# Task description
Make an exact copy of all the entries, with the pictures left out.

:: Extracted records ::

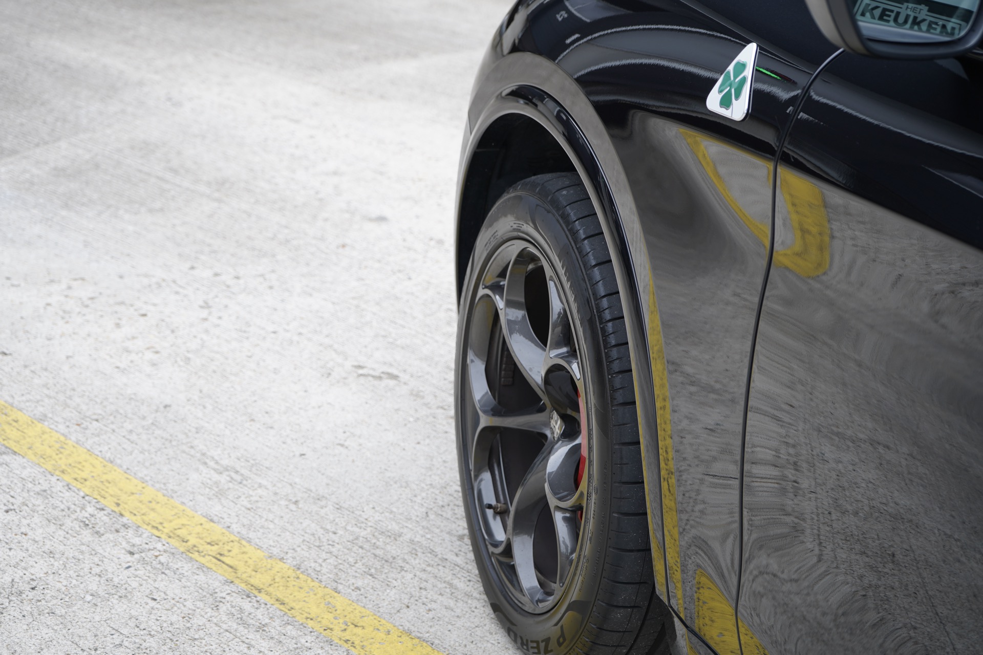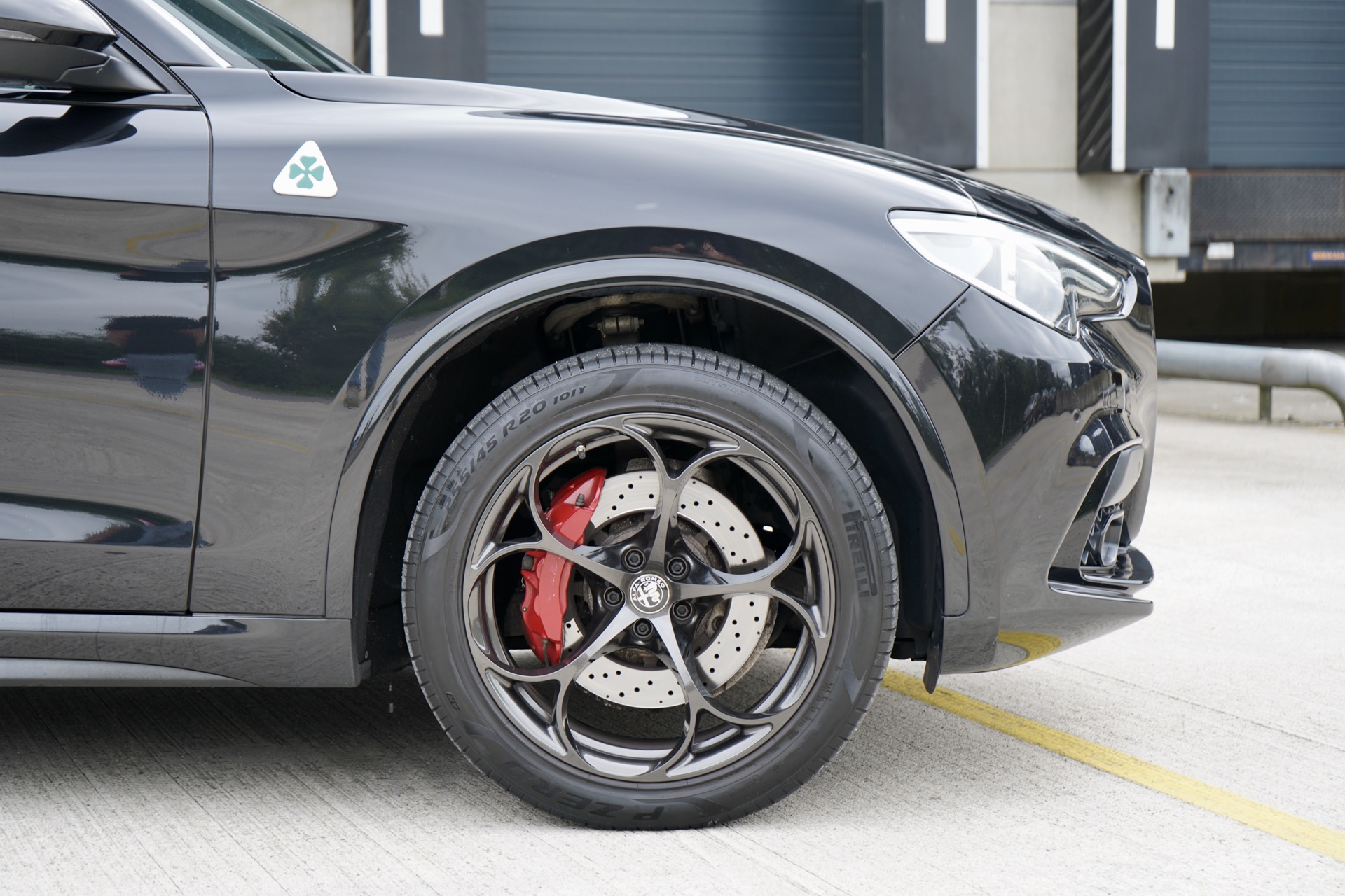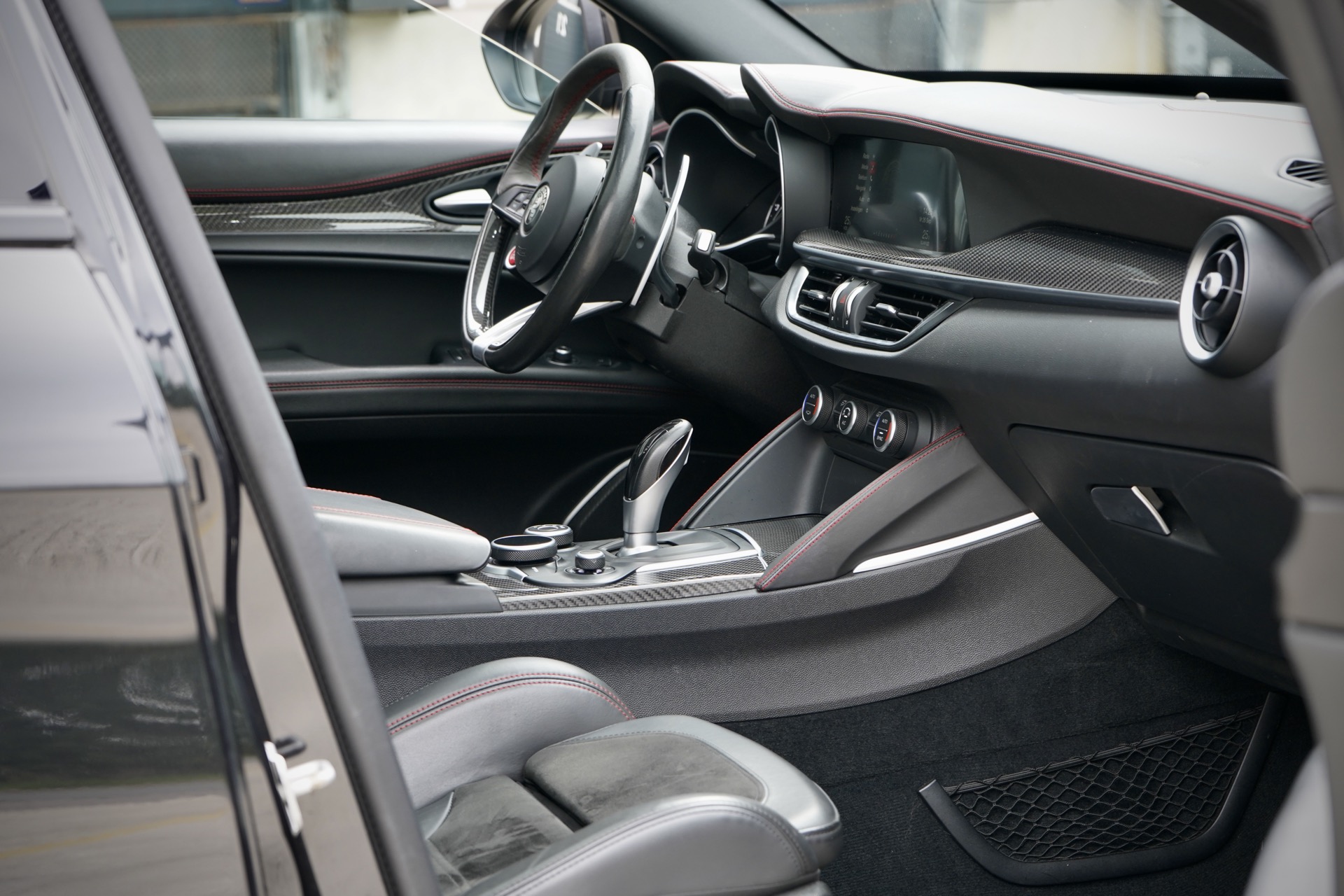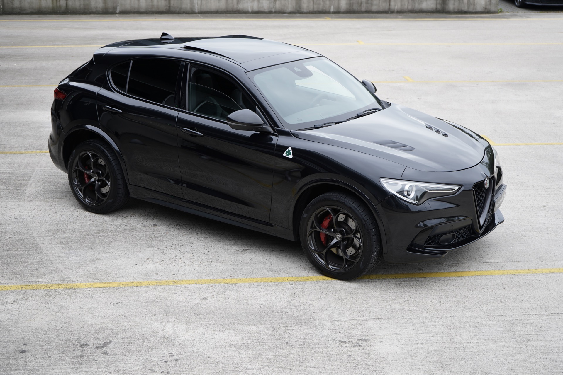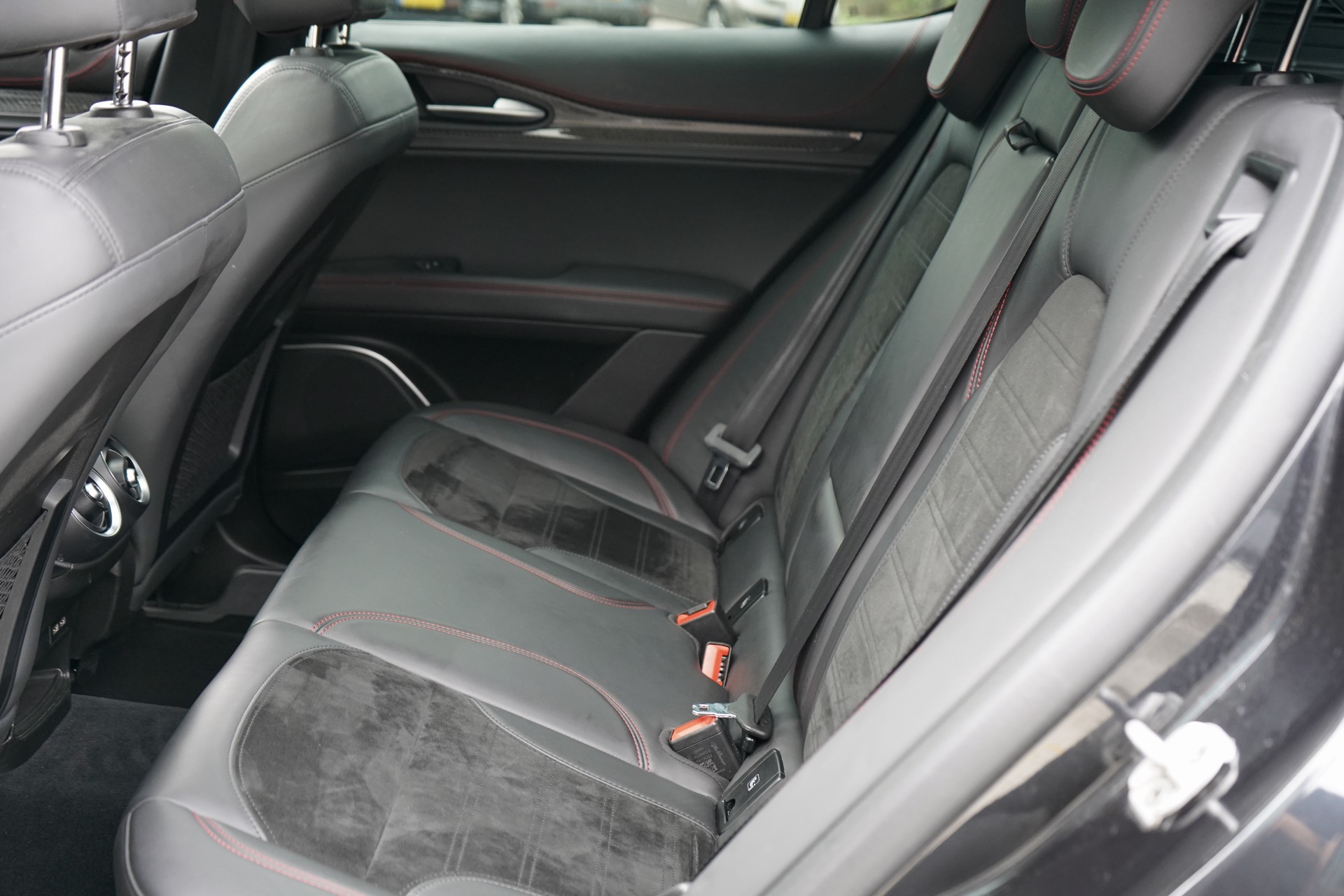 Prachtige Alfa Romeo Stelvio Quadrifoglio uit 2018 in Nero metallico met het mooie grote glazen schuifdak en rode stiksels in het interieur. Voorzien van Harman Kardon Audio systeem voor een perfect muziekgeluid, rode remklauwen, Privacy Glass vanaf de B-stijl, stuurwiel verwarming en stoelverwarming en het mooie 8,8 inch navigatie display met achteruit rij camera. Daarnaast is ze ook nog voorzien van Apple CarPlay en Android Auto.
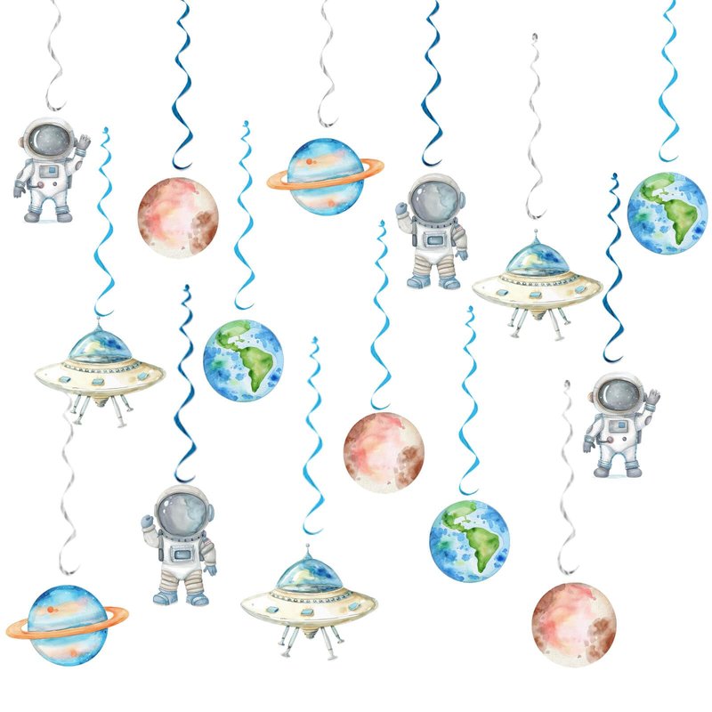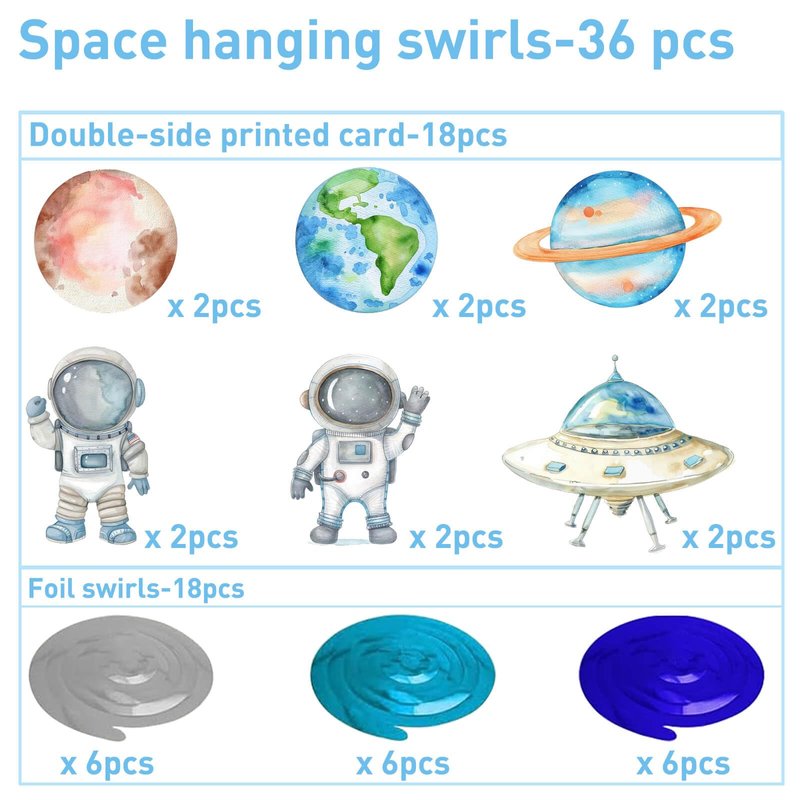 - Total 36pcs ceiling hanging swirls, including 9pcs Planet cardstock and 6pcs Astronaut cardstock and 3pcs Rocket cardstock, 18pcs aluminum foil swirls
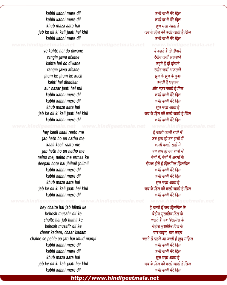 Lyrics of Kabhi Kabhi Mere Dil Khub Maza Aata Hai - कभी कभी मेरे दिल खूब मजा आता है
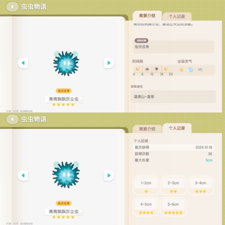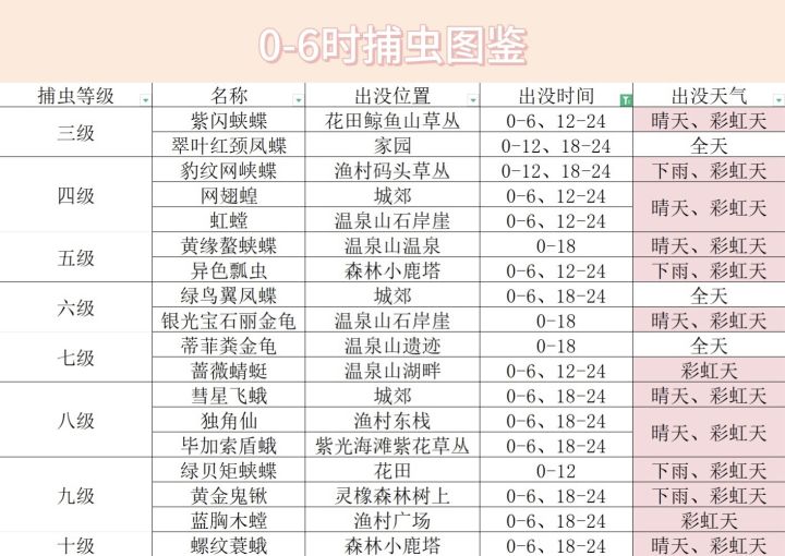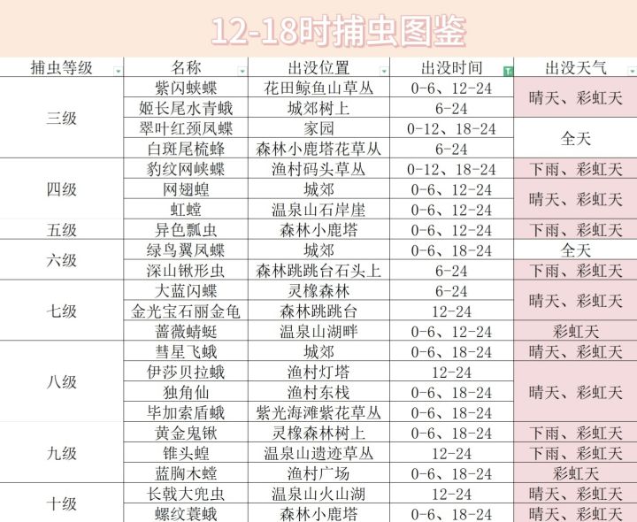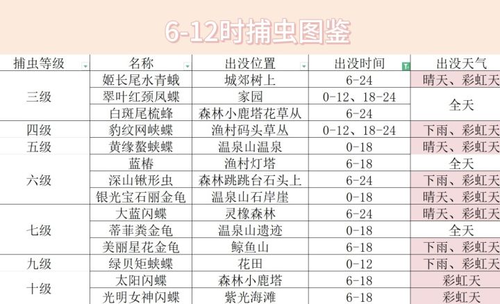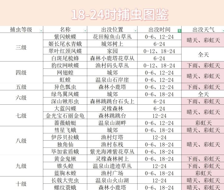 时间:12点-24点 天气:晴天/彩虹 位置:森林跳跳台,常见于跳跳台两个入口处附近,靠近海的那一边的树干上,最远刷新位置在巨木河的大树上见到过,猜测每次最多刷新两只。 #心动小镇捕虫攻略
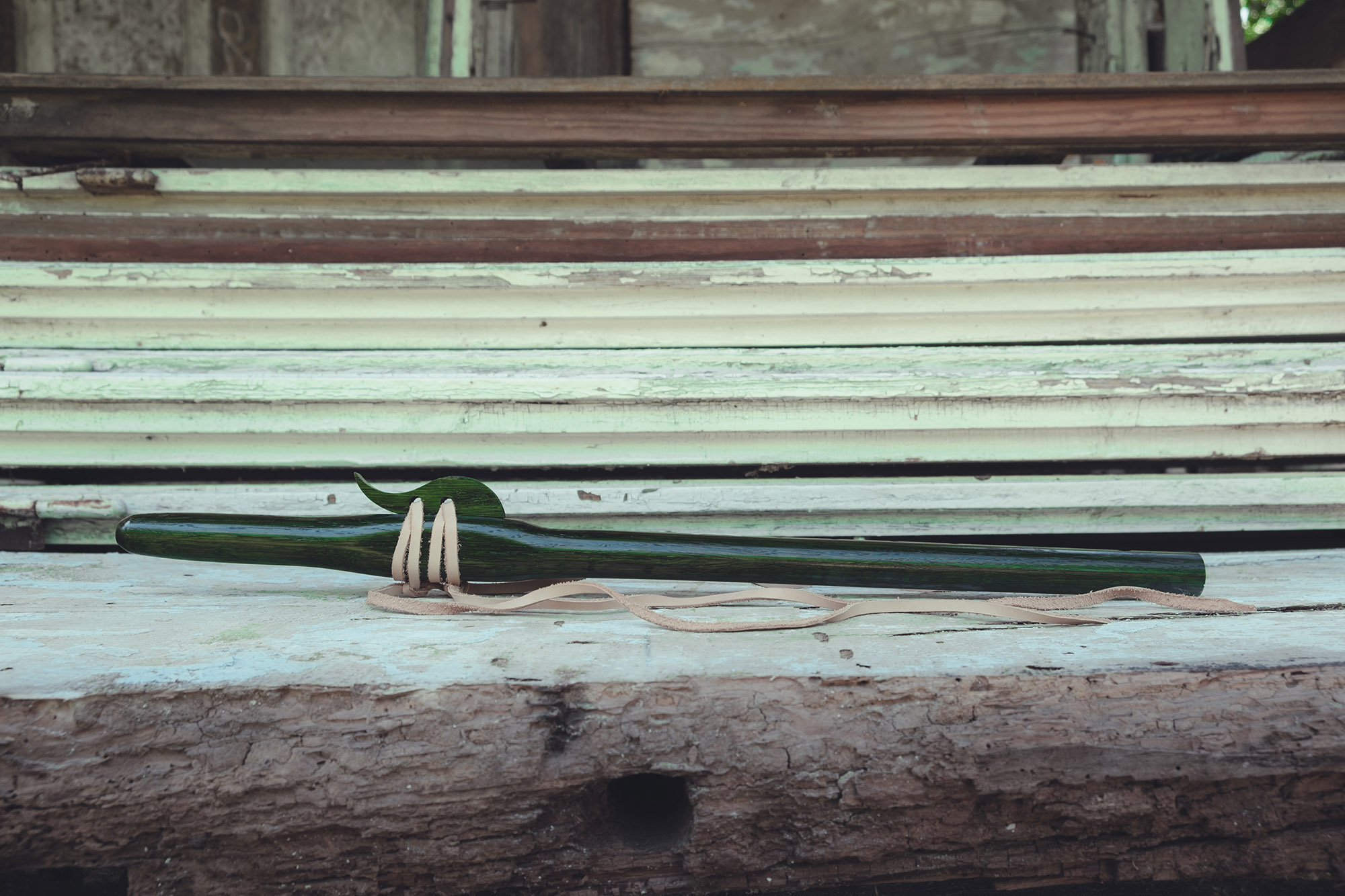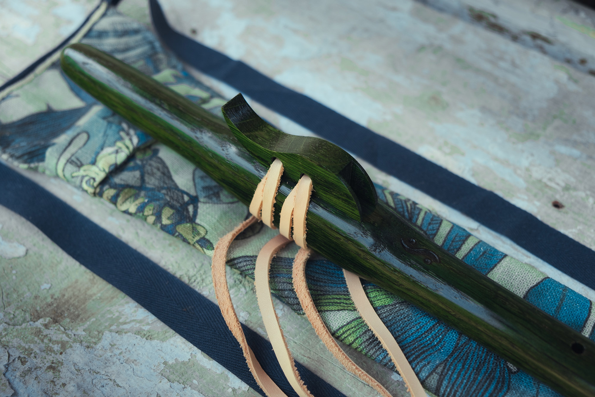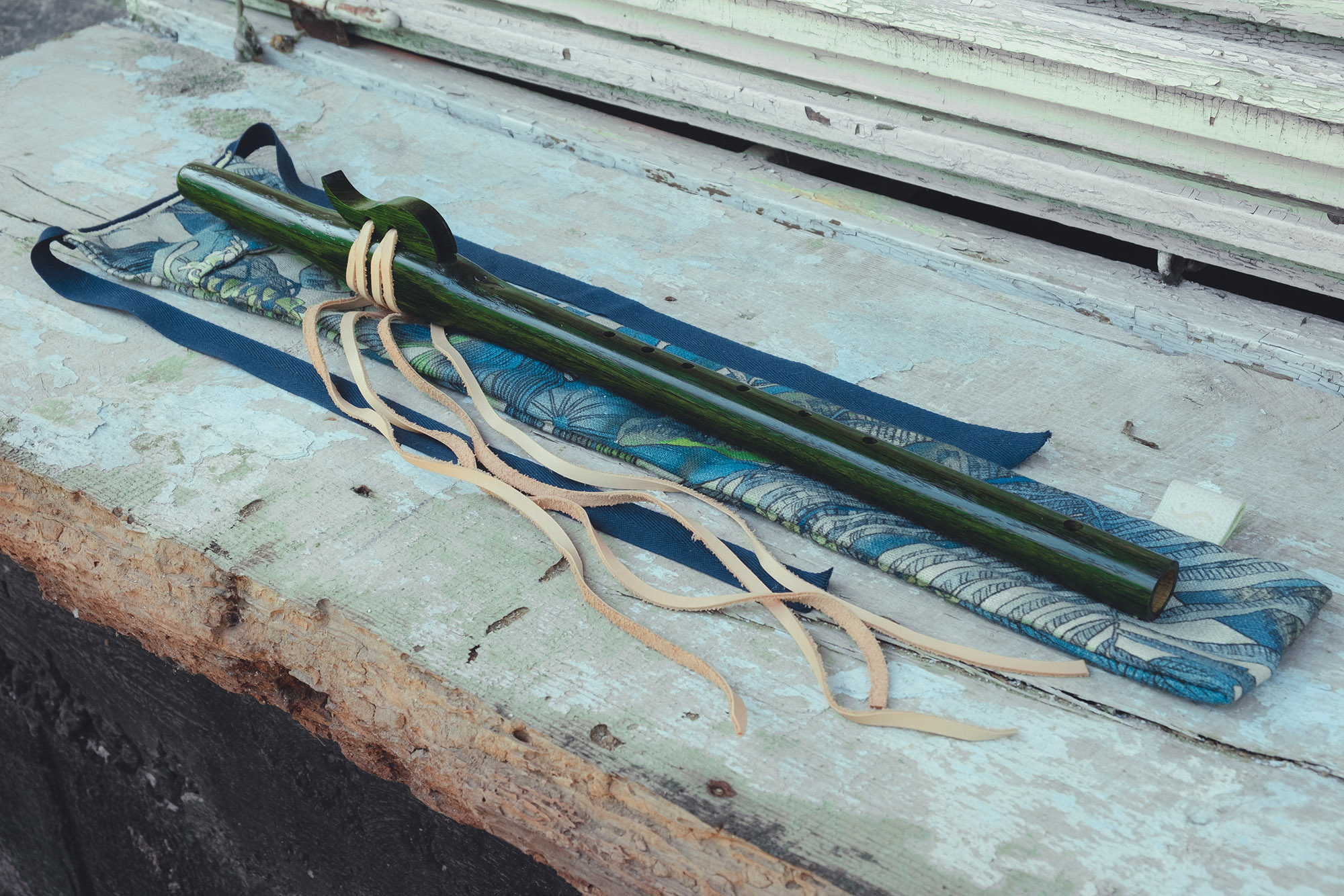 Ręcznie wykonany flet z drewna dębu bezszypułkowego (Quercus petraea), pochodzącego z recyklingu. Flet prosty, 6-otworowy, w stylu rdzennych Amerykanów (Native American Style Flute), charakteryzuje się mocnym, głębokim brzmieniem. Skala pentatoniczna i heksatonika molowa pozwalają na szeroką ekspresję muzyczną. Flet jest zabarwiony na rustykalny zielony kolor i wykończony olejowaniem typu French polishing (Tru-Oil – 6 warstw), co nadaje mu wyjątkowy wygląd i trwałość. Dokumentacja zawiera szczegółowe informacje techniczne, konserwację, warunki przechowywania oraz certyfikat autentyczności.

:::

# Answer section
 Prachtige Alfa Romeo Stelvio Quadrifoglio uit 2018 in Nero metallico met het mooie grote glazen schuifdak en rode stiksels in het interieur. Voorzien van Harman Kardon Audio systeem voor een perfect muziekgeluid, rode remklauwen, Privacy Glass vanaf de B-stijl, stuurwiel verwarming en stoelverwarming en het mooie 8,8 inch navigatie display met achteruit rij camera. Daarnaast is ze ook nog voorzien van Apple CarPlay en Android Auto.
 - Total 36pcs ceiling hanging swirls, including 9pcs Planet cardstock and 6pcs Astronaut cardstock and 3pcs Rocket cardstock, 18pcs aluminum foil swirls
 Lyrics of Kabhi Kabhi Mere Dil Khub Maza Aata Hai - कभी कभी मेरे दिल खूब मजा आता है
 时间:12点-24点 天气:晴天/彩虹 位置:森林跳跳台,常见于跳跳台两个入口处附近,靠近海的那一边的树干上,最远刷新位置在巨木河的大树上见到过,猜测每次最多刷新两只。 #心动小镇捕虫攻略
 Ręcznie wykonany flet z drewna dębu bezszypułkowego (Quercus petraea), pochodzącego z recyklingu. Flet prosty, 6-otworowy, w stylu rdzennych Amerykanów (Native American Style Flute), charakteryzuje się mocnym, głębokim brzmieniem. Skala pentatoniczna i heksatonika molowa pozwalają na szeroką ekspresję muzyczną. Flet jest zabarwiony na rustykalny zielony kolor i wykończony olejowaniem typu French polishing (Tru-Oil – 6 warstw), co nadaje mu wyjątkowy wygląd i trwałość. Dokumentacja zawiera szczegółowe informacje techniczne, konserwację, warunki przechowywania oraz certyfikat autentyczności.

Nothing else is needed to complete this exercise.